Nobody else does analysis like this. Wow.

Expand full comment
Peter W.'s avatar

First, thanks Chester for another great article!

Regarding the RISC-V CPU design here: their main problem will be to find one or more customers to license it, as an at-risk production is a very high risk indeed for any company that is not a hyperscaler. Hyperscaler have a captive audience for their designs, which is a key reason why Graviton made it. Of course AWS owned and still owns Anapurna, and AWS was willing to invest and push Graviton at (initially) substantial discounts over x86 instances. Of course, that worked out really well for AWS.

In contrast, Ampere didn't have that very large in-house customer, and struggled finding their niche for their ARM-based designs. With a large RISC-V multicore CPU, the challenge is likely even greater, unless the CPU is adopted by a large player like Tencent or Alibaba, which are interested in RISC-V designs.

Expand full comment
Schrödinger's Cat's avatar

> In contrast, Ampere didn't have that very large in-house customer

Ampere is a CPU company, while Condor is an IP company.

Furthermore, it seems to me Andes' niche is in the embedded market, where there's perhaps need of a core with more horsepower than others in Andes' product offerings. This gives them more potential avenues than Ampere had.

Also, it seems Ampere started to suffer when they tried competing in a fairly mature market with an inferior product (i.e. AmpereOne). The RISC-V server market is quite new and we don't yet know how these cores will compare with other market entrants.

Of course, it's not a given the market for these cores will materialize, but I wouldn't count them out.

Expand full comment
Chester Lam's avatar

Keep in mind Ampere did just fine with Altra and "inferior" cores. They made up for it by stuffing more cores into the same space/power budget. AmpereOne tries to push that concept further

Expand full comment
Schrödinger's Cat's avatar

My comment about inferior cores was in reference to AmpereOne.

In the first couple years of Altra, you're right that they did fine with Neoverse N1 cores and simply adding more of them to compensate for what they individually lacked. By the time AmpereOne finally reached the market, it seemed like that trick was no longer working for them. It probably didn't help that so many hyperscalers had started building their own CPUs.

Expand full comment
Will's avatar

Bit of trivia: Ty Garibay was one of the architects of the Cyrix 4x86 and 6x86

Expand full comment
theduck's avatar

Very nice very nice, highly detailed 👍

Expand full comment
Schrödinger's Cat's avatar

> Schedulers can be expensive structures in conventional out-of-order CPUs,

> because they have to check whether instructions are ready to execute every cycle.

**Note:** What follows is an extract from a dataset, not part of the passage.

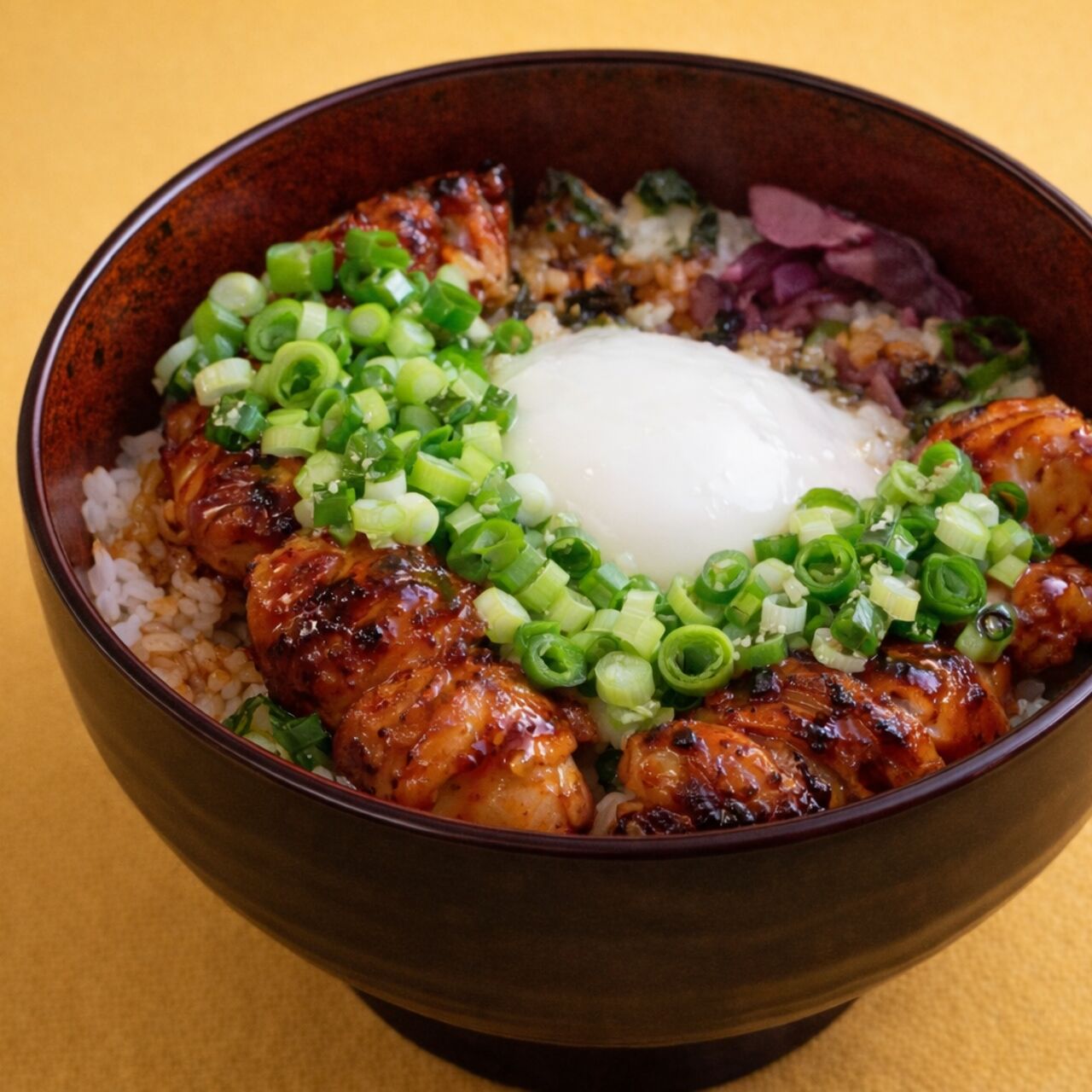 ふっくらジューシー鳥モモに秘伝のタレと温泉卵を絡めた御飯は病みつきになる事、間違い無い🤤
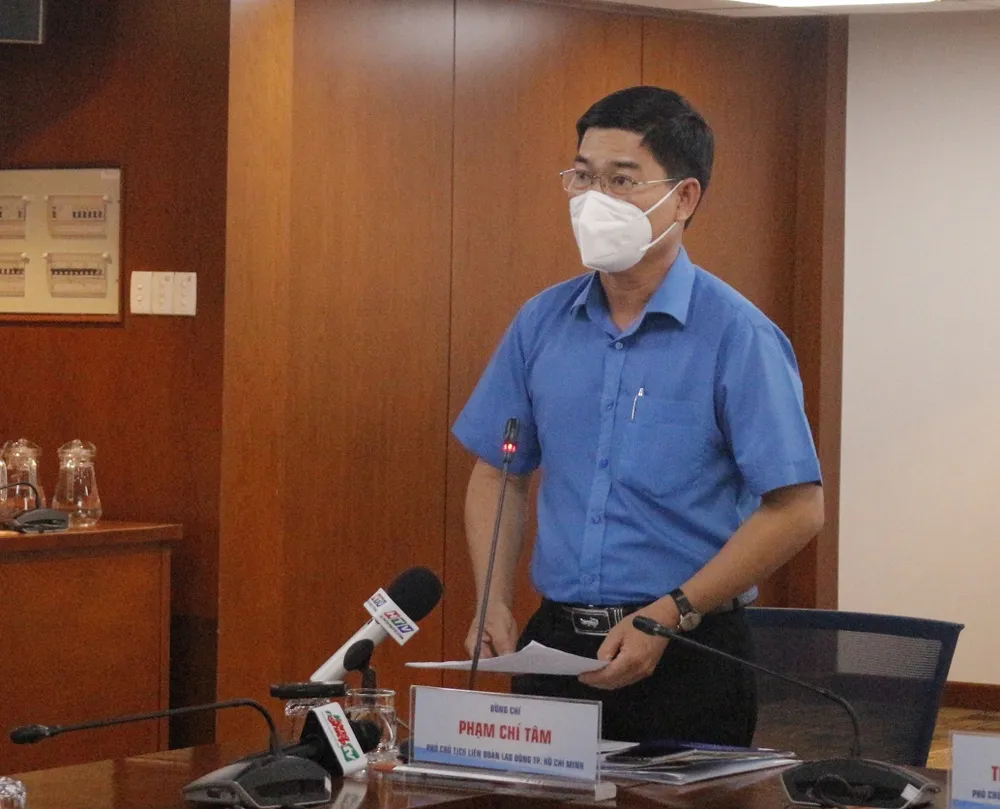 Ông Phạm Chí Tâm, Phó Chủ tịch Liên đoàn Lao động TP.HCM thông tin về các hoạt động chăm lo Tết Nhâm dần cho người lao động. Ảnh: KHÁNH CHI

Don't any of these CPUs' schedulers know how to walk a data dependency graph? Each physical register could be augmented with a list of which reorder buffer entries depend on it. Each reorder buffer entry could have a counter that gets decremented as each dependency is satisfied. When the counter reaches zero, the entry is ready to run.

Sure, you'd have to manage those variable-length lists of each register's dependencies. But, that scales better than trying to search the reorder buffer for something that's ready to run. With an approach like this, the only cost of increasing your reorder buffer length (besides the cost of the reorder buffer, itself) is having to increase the number of bits needed to index within it. Importantly, the cost of searching it wouldn't change, because you're not actually searching it.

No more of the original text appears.